# What you should do
Everything from the line holding "Glitterpennor i 12" through the last line of the data, and nothing else, should be retyped exactly, with no pictures.

# Raw data
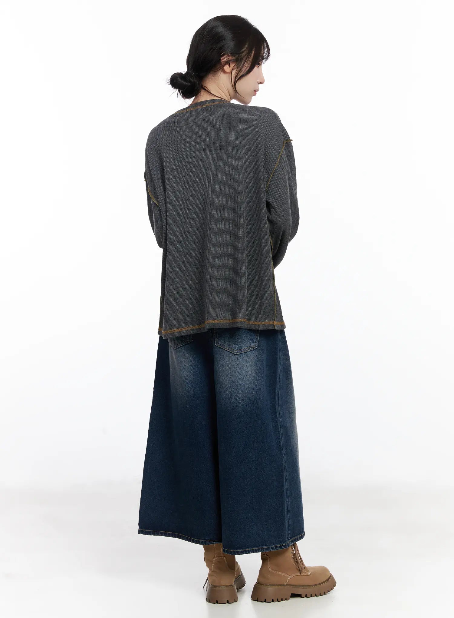 Graphic Oversized Textured Long Sleeve Top CJ527
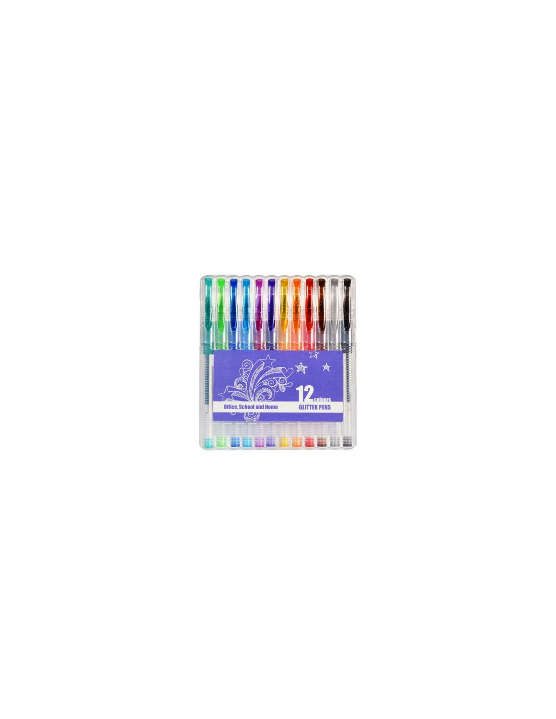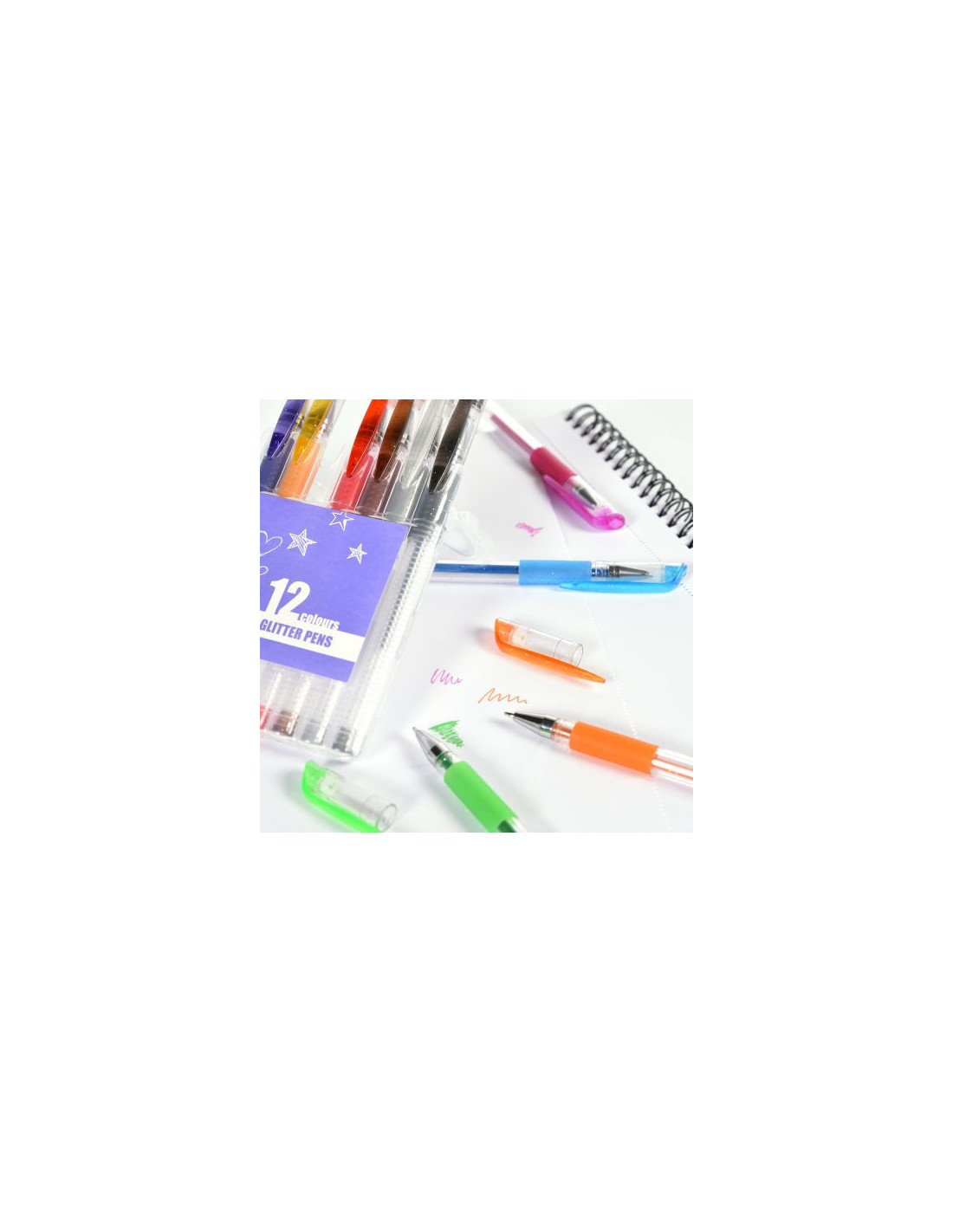 Glitterpennor i 12 olika fÀrger med 1 mm spetsbredd i praktiskt fristÄende fodral som gör det enkelt att hitta rÀtt fÀrg.
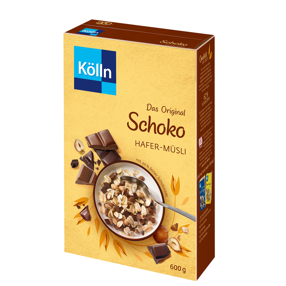 Kölln Schoko Hafer-Müsli – das Original! – lecker und vollwertig zugleich. Ende der 1970er Jahre nahmen wir das beliebte Frühstück Köllnflocken mit Kakao und Milch auf und erfanden so das Schoko Müsli. Komponiert aus Blütenzarten Köllnflocken, Echten Kölln Kernigen, Kölln Vollkorn Haferfleks® Schoko und Haselnusskrokant erhält diese Müsli-Spezialität ihre besondere Note durch ihren Anteil von 20 % Vollmilch- und Zartbitterschokolade.
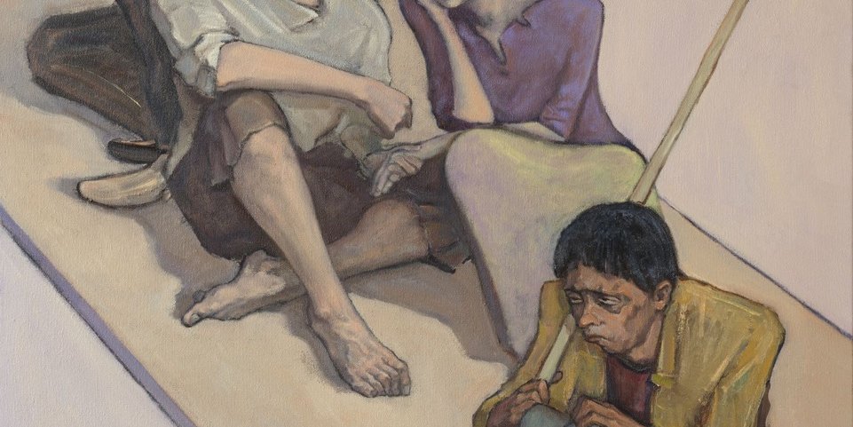 李然在伦敦里森画廊的首次个展"等待降临"呈现了2件影像和2022年至2023年期间创作的12件绘画作品,除此之外,还有一本文册,里面包括了绘画手稿、影像剧本和短篇小说《敬虔的忧愁》节选内容。展览如同一出群像剧,里面的人物共享着某种相似的时代情境和作为“小知识分子”的身份困境:他们有着复杂的内心,渴望逃出牢笼,又尝试建立自身的主体性。而不同的个体遭遇,不仅如切片般勾连起展览的空间叙事,也将画中的人物“显形”,带给人一种“朦胧”的切身感。下文聚焦李然作为创作者的个体经验,以及与之关联的时代遭遇、艺术现场和背后的实践转向。展览持续到10月28日。

# Exercise result
 Glitterpennor i 12 olika fÀrger med 1 mm spetsbredd i praktiskt fristÄende fodral som gör det enkelt att hitta rÀtt fÀrg.
 Kölln Schoko Hafer-Müsli – das Original! – lecker und vollwertig zugleich. Ende der 1970er Jahre nahmen wir das beliebte Frühstück Köllnflocken mit Kakao und Milch auf und erfanden so das Schoko Müsli. Komponiert aus Blütenzarten Köllnflocken, Echten Kölln Kernigen, Kölln Vollkorn Haferfleks® Schoko und Haselnusskrokant erhält diese Müsli-Spezialität ihre besondere Note durch ihren Anteil von 20 % Vollmilch- und Zartbitterschokolade.
 李然在伦敦里森画廊的首次个展"等待降临"呈现了2件影像和2022年至2023年期间创作的12件绘画作品,除此之外,还有一本文册,里面包括了绘画手稿、影像剧本和短篇小说《敬虔的忧愁》节选内容。展览如同一出群像剧,里面的人物共享着某种相似的时代情境和作为“小知识分子”的身份困境:他们有着复杂的内心,渴望逃出牢笼,又尝试建立自身的主体性。而不同的个体遭遇,不仅如切片般勾连起展览的空间叙事,也将画中的人物“显形”,带给人一种“朦胧”的切身感。下文聚焦李然作为创作者的个体经验,以及与之关联的时代遭遇、艺术现场和背后的实践转向。展览持续到10月28日。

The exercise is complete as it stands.